Love their
体内時計の正確さと習慣に感心しつつ、レイは立ち上がり下だけジーンズに履き替えた。


バッグの中の財布を確かめると携帯を入れてエアコンとテレビの電源をオフにした。


ここから、チャリで15分…買い物して作って…、21時までには食べれるよね。


頭の中で時計を予定通りに動かしてみながら、バッグの中にあったいつかの食べかけのキャンディで空腹を誤魔化した。
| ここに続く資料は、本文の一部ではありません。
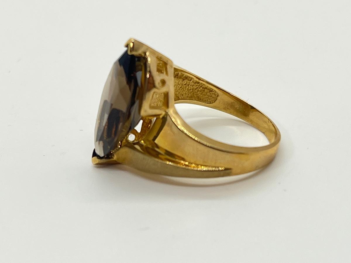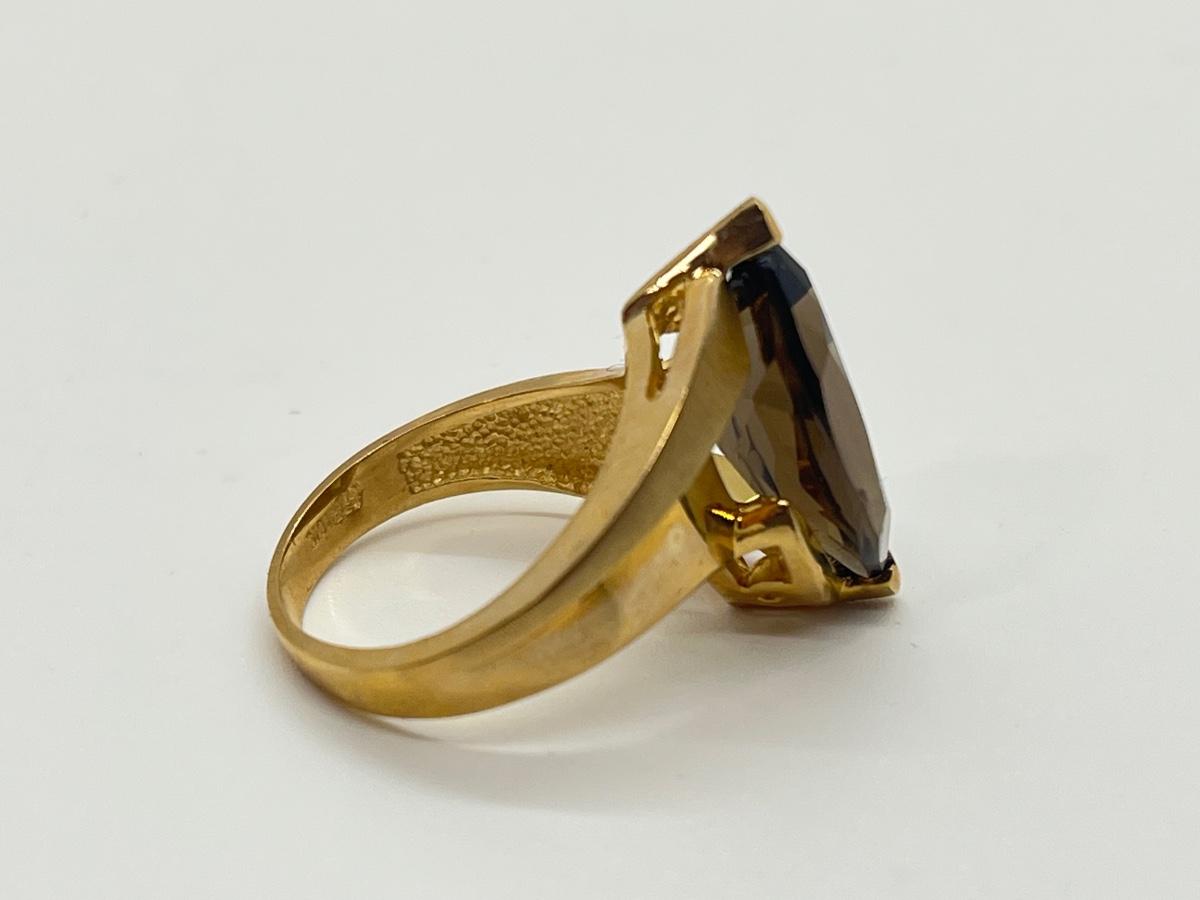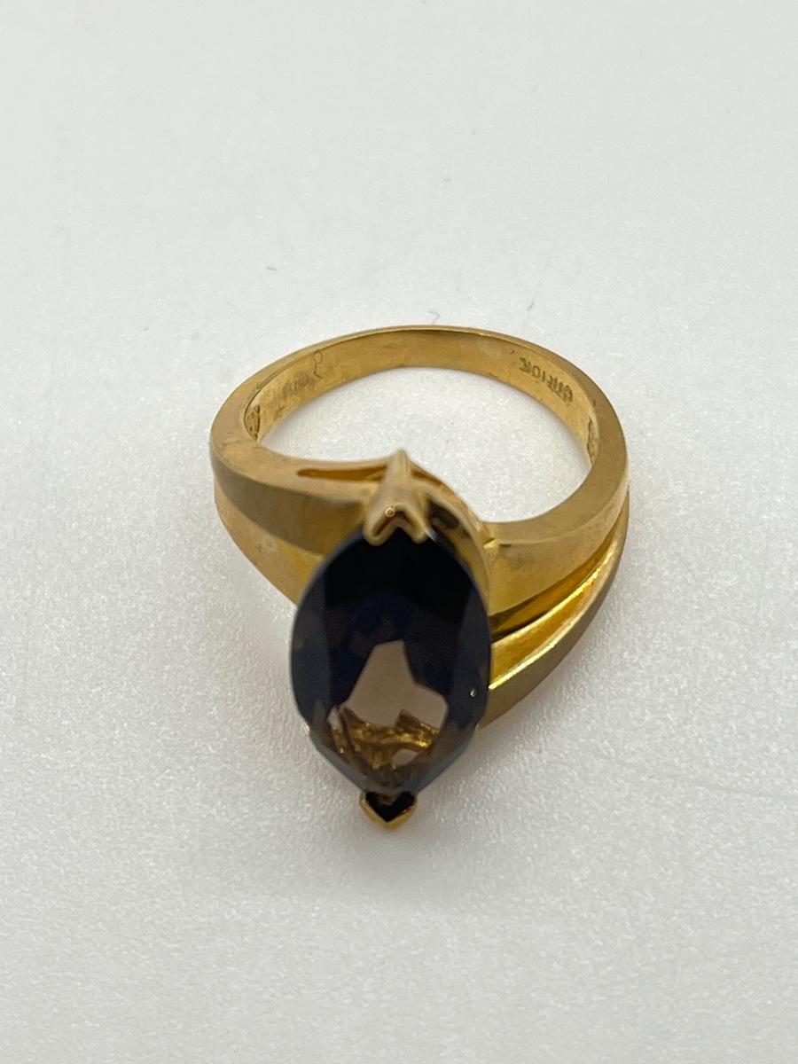 LOT 145: Large Marquis Cut Brown Topaz 10K Gold Size 7 Ring - 5.76 gtw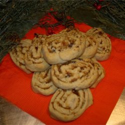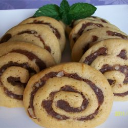 4Working with one portion at a time, roll out the dough on a lightly floured surface to make a rectangle about 1/4 inch thick. Spread 1/3 of the filling evenly over the dough; roll up to make a log. Repeat the process with the remaining dough. Refrigerate until firm, about 1 hour.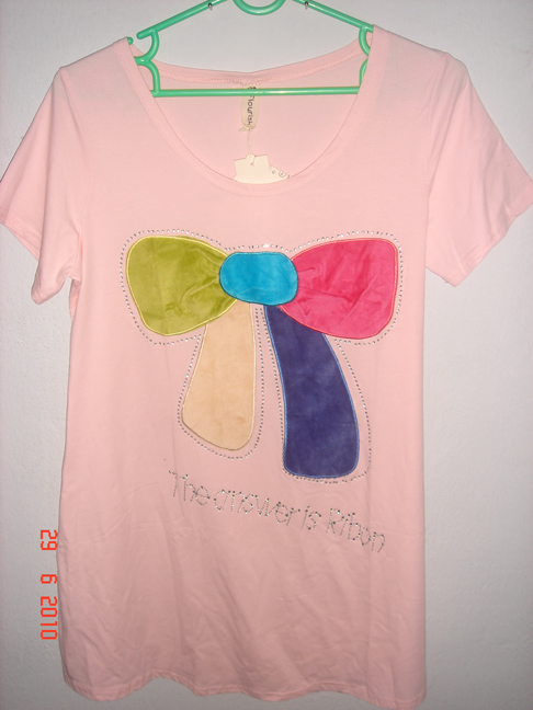 เสื้อยืดสีชมพู ลายโบว์ น่ารักมากค่ะตัวนี้ ไม่จับจองไม่ได้แล้ว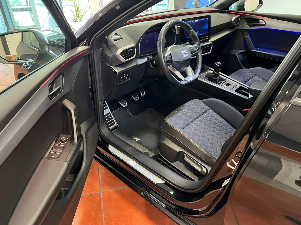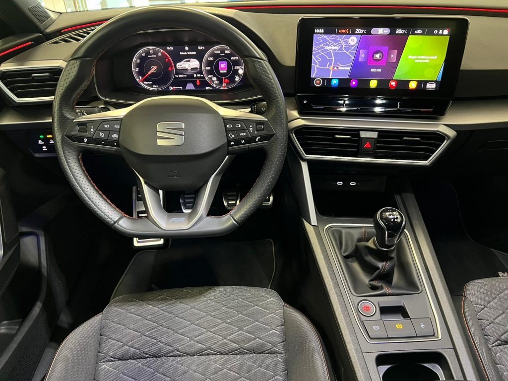 Seat León FR 1.5 TSI coche nacional equipado con cuadro digital, navegación, full led, apertura y arranque sin llave, control de velocidad adaptativo, cambio automático a luz de carretera, asistente de cambio de carril, front assist, sensores de aparcamiento delanteros y traseros, cámara de marcha atrás, Park assist, full link, clima trizona, bluetooth+2USB, carga inalámbrica del teléfono móvil, paquete luz ambiental, volante multifunción, espejos regulables y plegables eléctricos, sensor de luces y lluvia. 24.999€ financiando un min de 15.000€. 27.990€ al contado. Vehículo certificado de km, con revisión preentrega y mantenimiento incluido. Conceptcars concesionario en Chantada y Monforte de Lemos.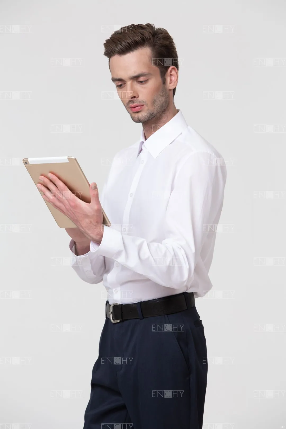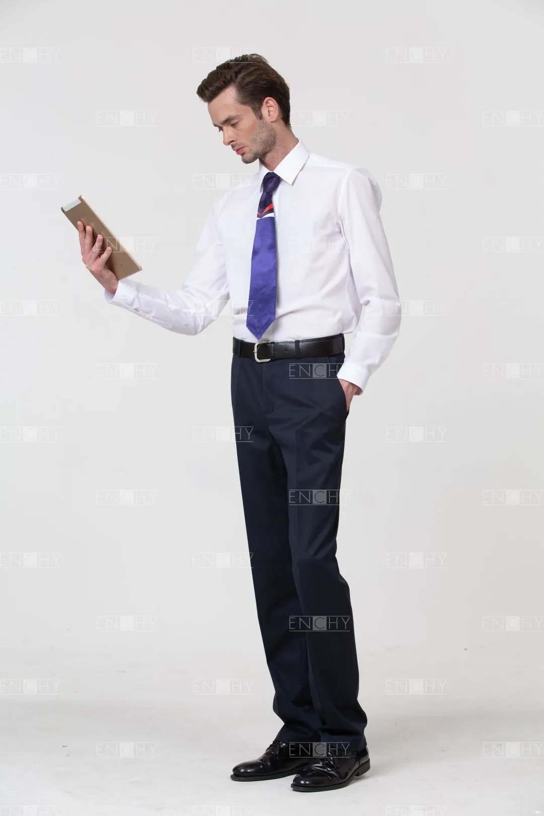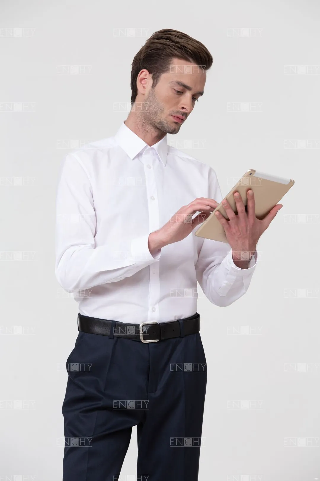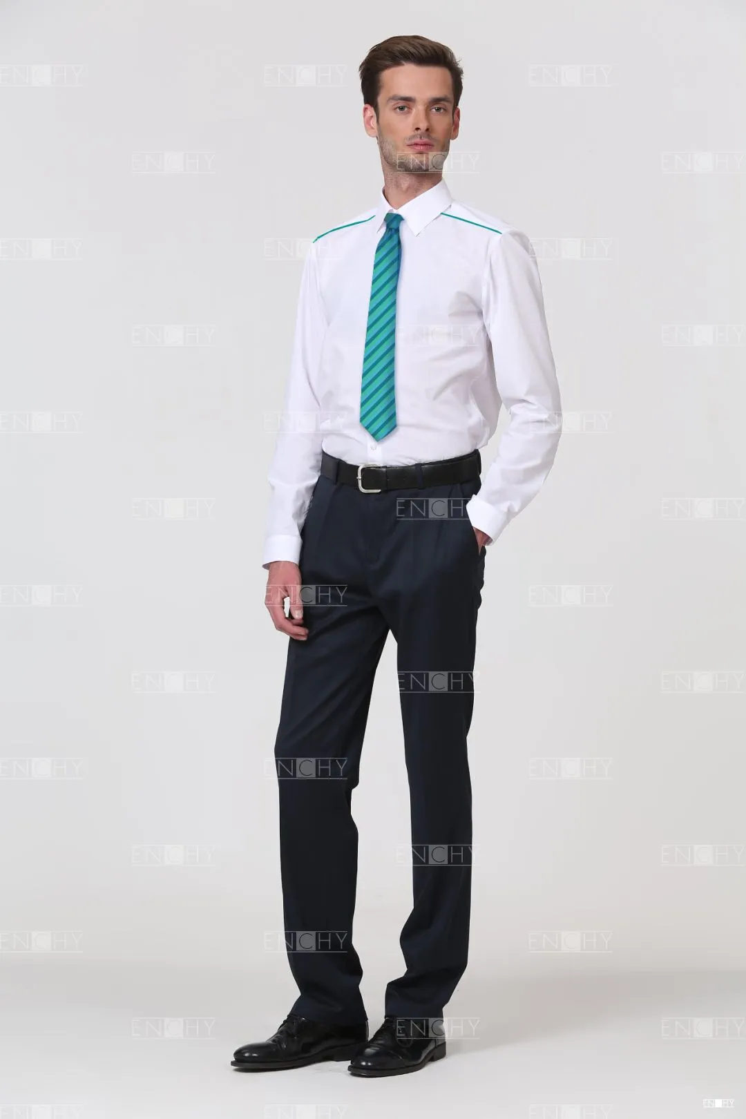 Сорочка силуэта слим-фит приталена по боковым швам и имеет рельефы и кокетку на спинке, такой крой оценят сотрудники молодого коллектива. Сорочка со стильным воротником на стойке и застежкой на пуговицы с классической планкой. Манжет рукава со скошенным уголом.

レイはサトルの家に行って料理しようと思ったのだった。


久々の残業できっと疲れてるよね〜しかも帰ったら手料理ある、とかビビるんじゃない?


驚くサトルを想像してレイは玄関の鍵を閉めながら思わずアハと笑った。


罪滅ぼしじゃないけれど、多少残る罪悪感を払拭出来る…そんな気持ちを持っていたのは確かだった。



数日振りに乾燥した夜風に逆らって自転車を漕ぐ。



あまり乗らない自転車のハンドルを指先だけで持ちながら、走り抜ける自動車のライトを頼りに走らせた。


風に当たり湿気を含んだ髪が段々と軽くなるのが分かる。


気持ちがいい。


レイは髪を掻きあげながら空を見上げた。


まばゆく輝く月。


いつも何気に見ているのにその美しさに目を奪われそうになる。